◆ EXERCISE DESCRIPTION
Give all of the records again precisely, excluding whatever pictures they contain.

(Recorded data)
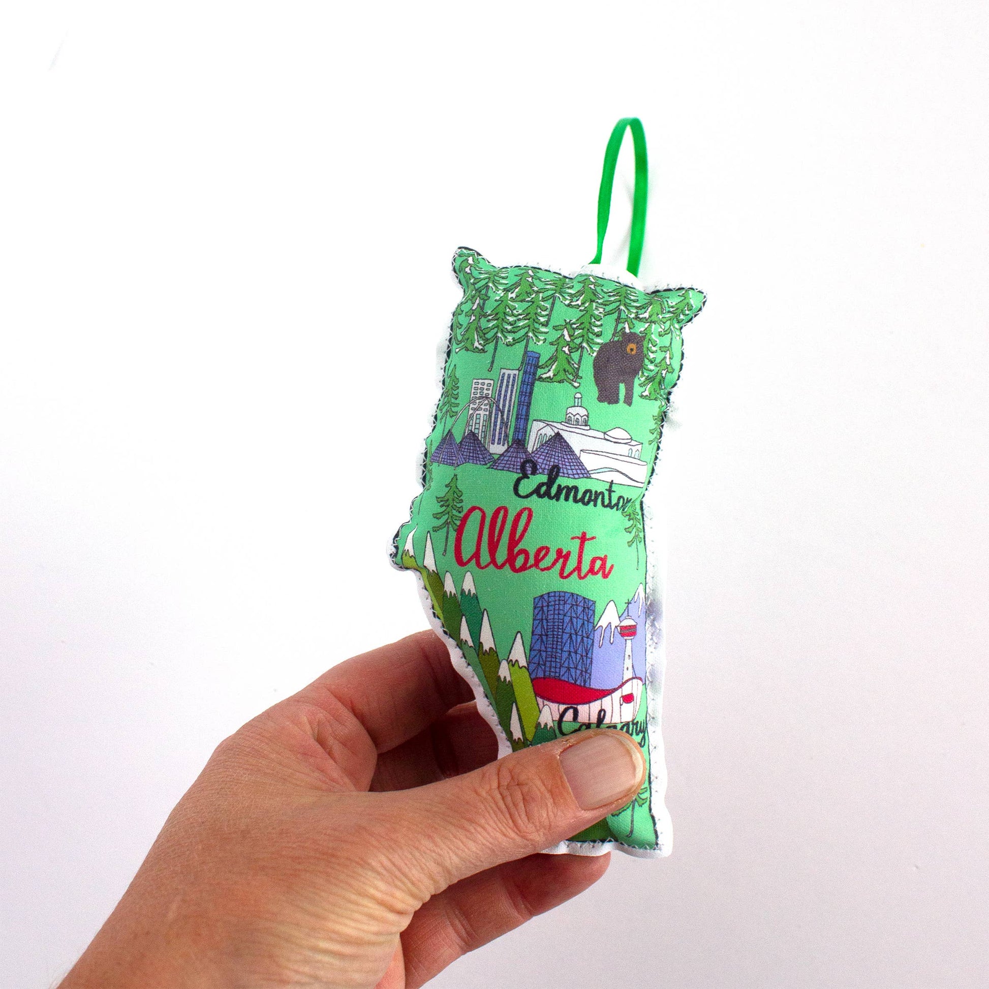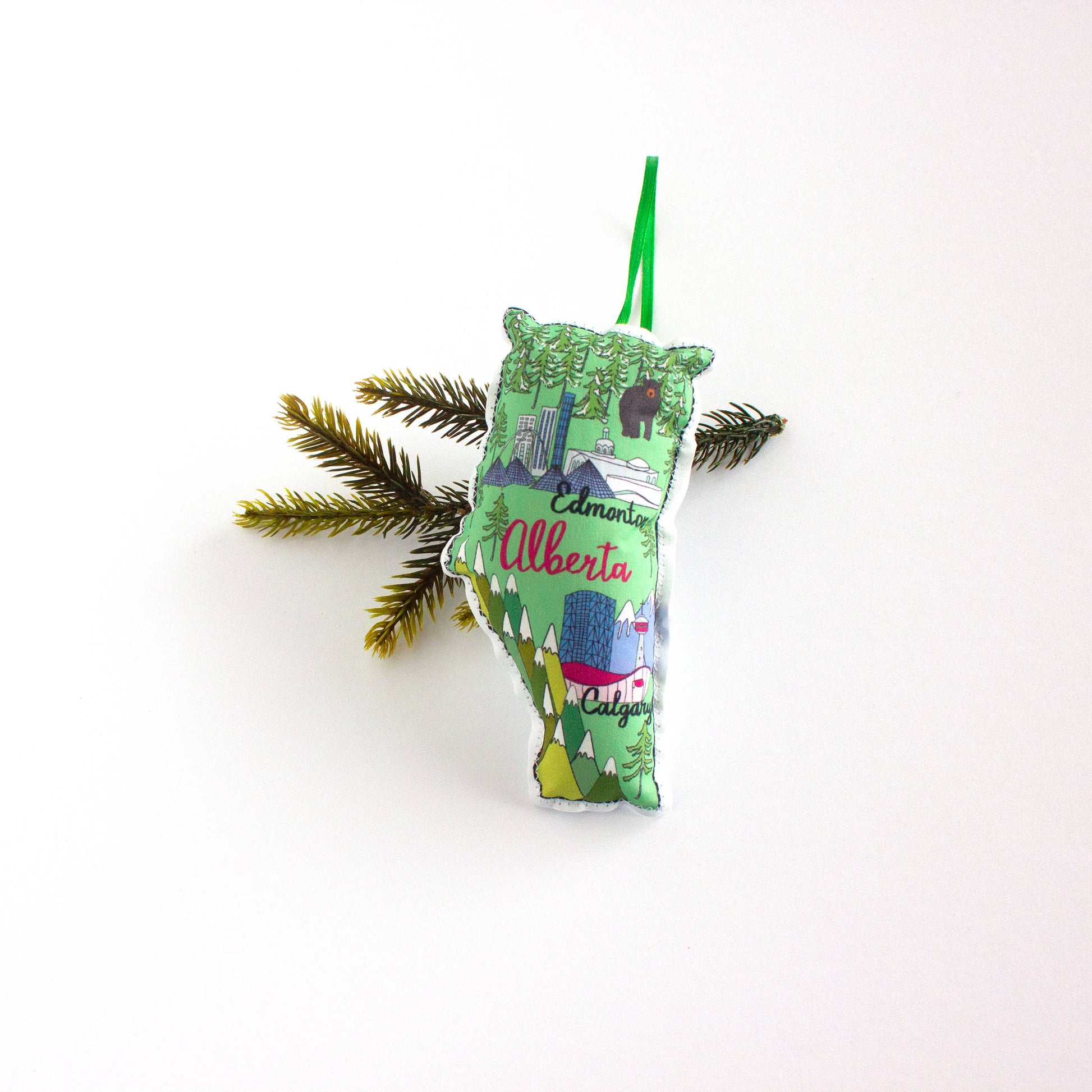 Add some fun and charm to your Christmas tree with this adorable Alberta map. Featuring an illustrated print of Alberta's terrain.
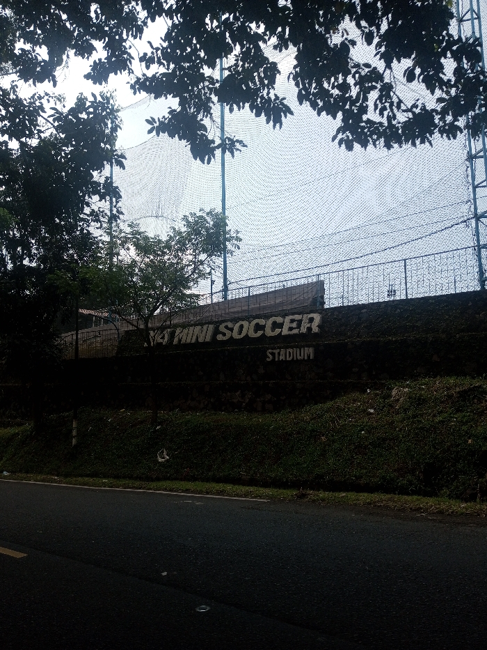 This image depicts an outdoor scene in Niz Lakuk, India, showing a ground-level view of a sports facility. The foreground features a dark asphalt road with a partial yellow demarcation line on its left edge. Adjacent to the road, a dark green, uneven earth embankment slopes upwards, covered in grass and some light debris. Overhanging dark, silhouetted tree foliage frames the upper left and top portions of the image. In the midground, a weathered, multi-tiered concrete or stone retaining wall is prominent. Painted on this wall in white capital letters are the words "45 MINI SOCCER" in a large font, with "STADIUM" positioned directly below in a smaller font. The wall exhibits signs of aging, including dark stains and patches of moss. Above the retaining wall, a dark metal railing runs horizontally. Beyond the railing and extending upwards, a large, black, fine-mesh netting structure is visible, supported by several vertical poles. This netting encloses what is presumed to be a sports field. The sky, partially visible through the netting and foliage, appears bright and overcast, providing diffused illumination to the scene. No individuals or active subjects are present in the image.
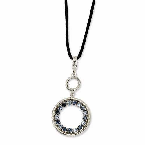 Silver-tone Lt/Dk Blue Crystal Circle on 16 inch w/ext Satin Cord, Jewelry Necklace
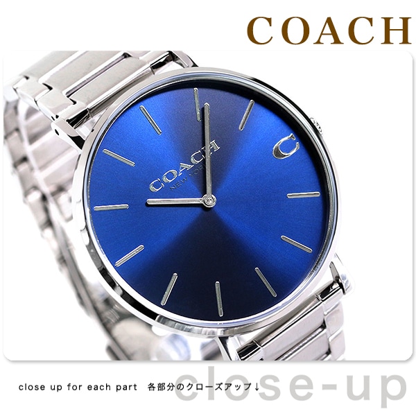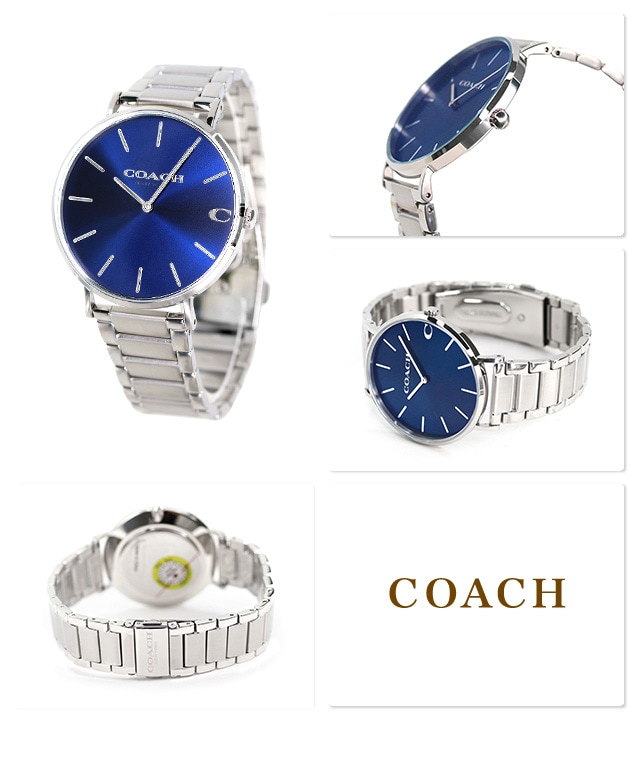 3年保証キャンペーン コーチ チャールズ 41mm クオーツ メンズ 腕時計 14602429 COACH CHARLES アナログ ブルー ◆コーチは1941年にマンハッタンの小さなロフトで皮革製品の家内工業として始まりました。今日では世界中で絶大な人気を誇るファッションブランドです。男女問わず多岐にわたるシックで機能的なアクセサリーにきめ細かな最高品質の素材を用いて、現代的なアメリカンスタイルを取り入れた身近な高級品という新しい定義を形成しています。コーチブランドの柄、色、詳細な金具を取り入れたコーチウォッチは、最新のコーチバッグやデザインコレクションと新鮮でファッショナブルにマッチすると共に、精密なクオーツを備えてます。 大きめのケースサイズと見やすいインデックスが特徴。3時位置にはブランド名の頭文字でもある「C」をデザインしています。カジュアルスタイルから、スーツなどのジャケットスタイルにまでシーンを問わずお使いいただけます。
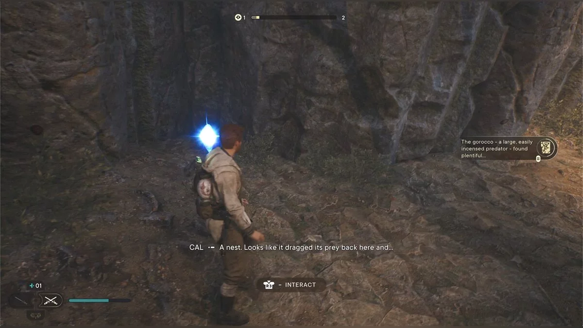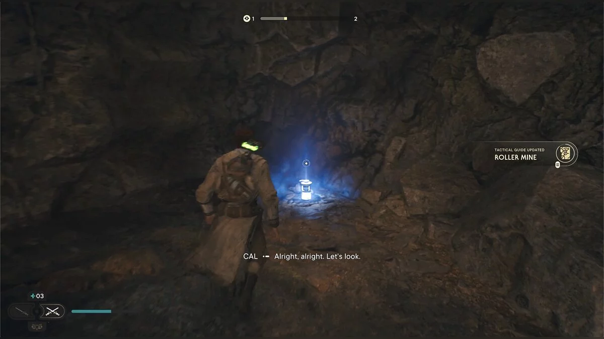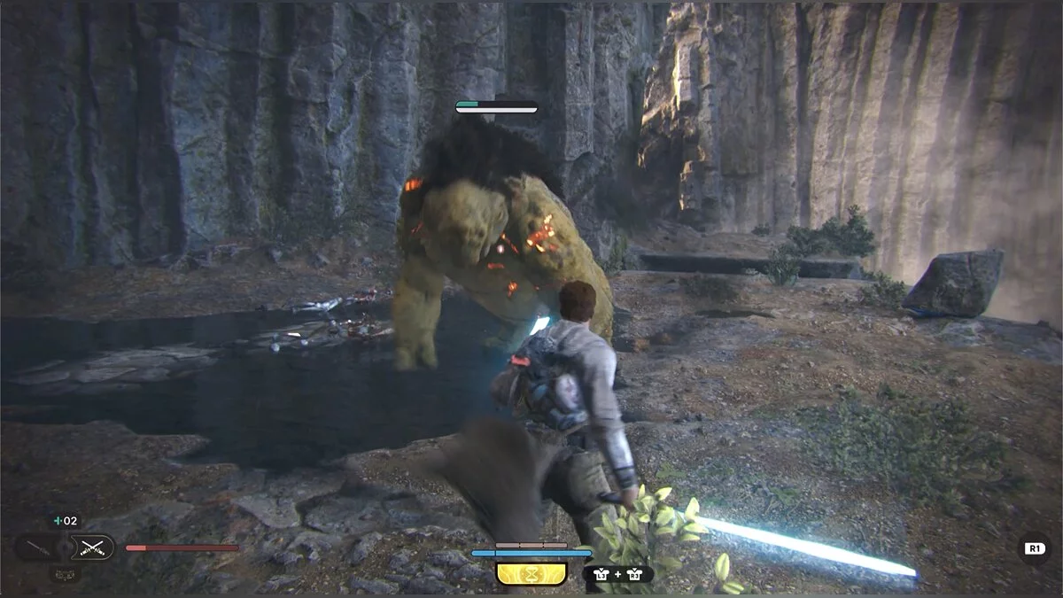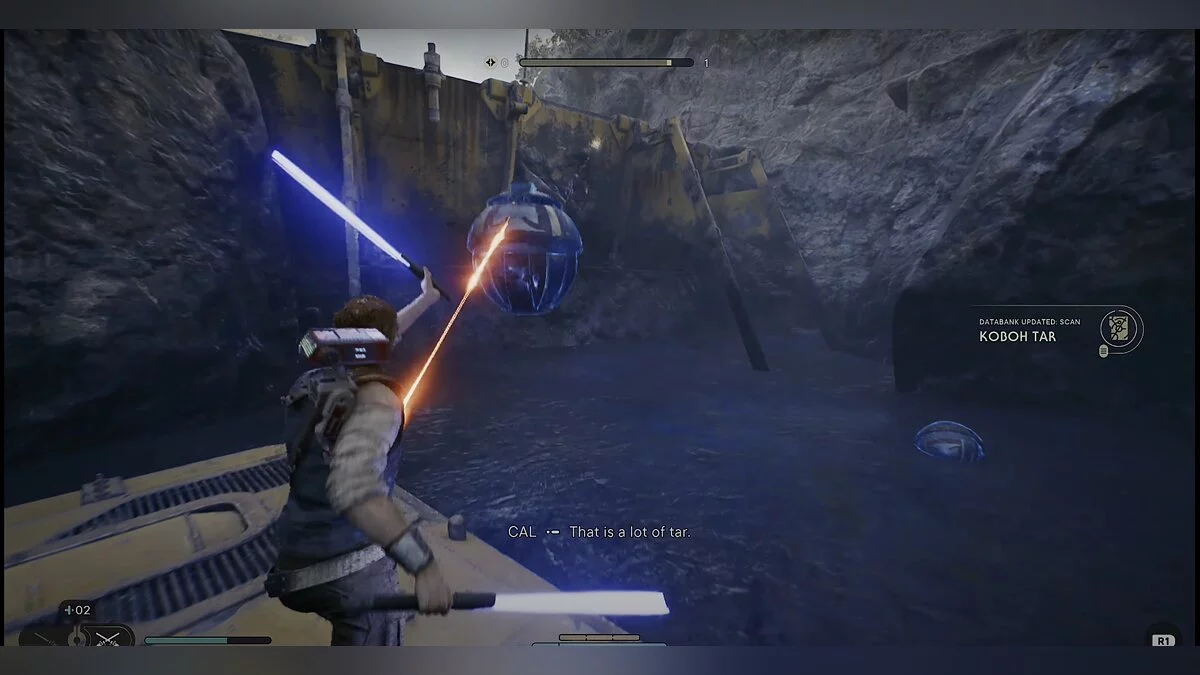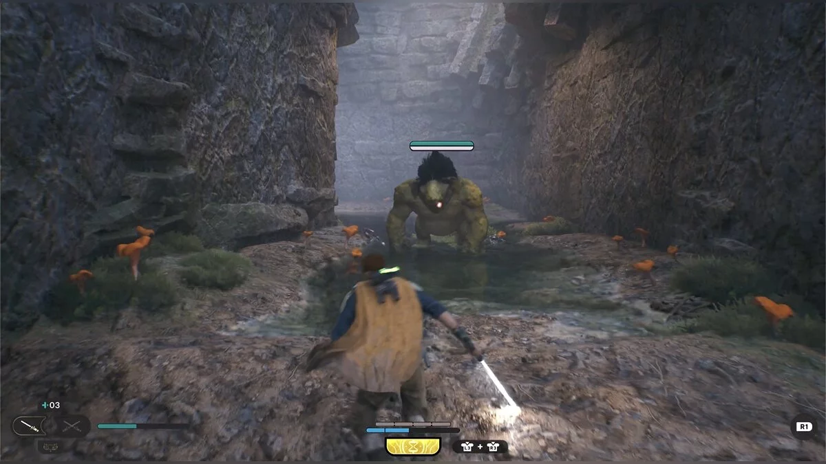 Идите вглубь пещеры и столкнетесь с новым врагом — подвижным дроидом. Старайтесь поймать его на парировании.

◆ RESPONSE FOR THIS EXERCISE
 Add some fun and charm to your Christmas tree with this adorable Alberta map. Featuring an illustrated print of Alberta's terrain.
 This image depicts an outdoor scene in Niz Lakuk, India, showing a ground-level view of a sports facility. The foreground features a dark asphalt road with a partial yellow demarcation line on its left edge. Adjacent to the road, a dark green, uneven earth embankment slopes upwards, covered in grass and some light debris. Overhanging dark, silhouetted tree foliage frames the upper left and top portions of the image. In the midground, a weathered, multi-tiered concrete or stone retaining wall is prominent. Painted on this wall in white capital letters are the words "45 MINI SOCCER" in a large font, with "STADIUM" positioned directly below in a smaller font. The wall exhibits signs of aging, including dark stains and patches of moss. Above the retaining wall, a dark metal railing runs horizontally. Beyond the railing and extending upwards, a large, black, fine-mesh netting structure is visible, supported by several vertical poles. This netting encloses what is presumed to be a sports field. The sky, partially visible through the netting and foliage, appears bright and overcast, providing diffused illumination to the scene. No individuals or active subjects are present in the image.
 Silver-tone Lt/Dk Blue Crystal Circle on 16 inch w/ext Satin Cord, Jewelry Necklace
 3年保証キャンペーン コーチ チャールズ 41mm クオーツ メンズ 腕時計 14602429 COACH CHARLES アナログ ブルー ◆コーチは1941年にマンハッタンの小さなロフトで皮革製品の家内工業として始まりました。今日では世界中で絶大な人気を誇るファッションブランドです。男女問わず多岐にわたるシックで機能的なアクセサリーにきめ細かな最高品質の素材を用いて、現代的なアメリカンスタイルを取り入れた身近な高級品という新しい定義を形成しています。コーチブランドの柄、色、詳細な金具を取り入れたコーチウォッチは、最新のコーチバッグやデザインコレクションと新鮮でファッショナブルにマッチすると共に、精密なクオーツを備えてます。 大きめのケースサイズと見やすいインデックスが特徴。3時位置にはブランド名の頭文字でもある「C」をデザインしています。カジュアルスタイルから、スーツなどのジャケットスタイルにまでシーンを問わずお使いいただけます。
 Идите вглубь пещеры и столкнетесь с новым врагом — подвижным дроидом. Старайтесь поймать его на парировании.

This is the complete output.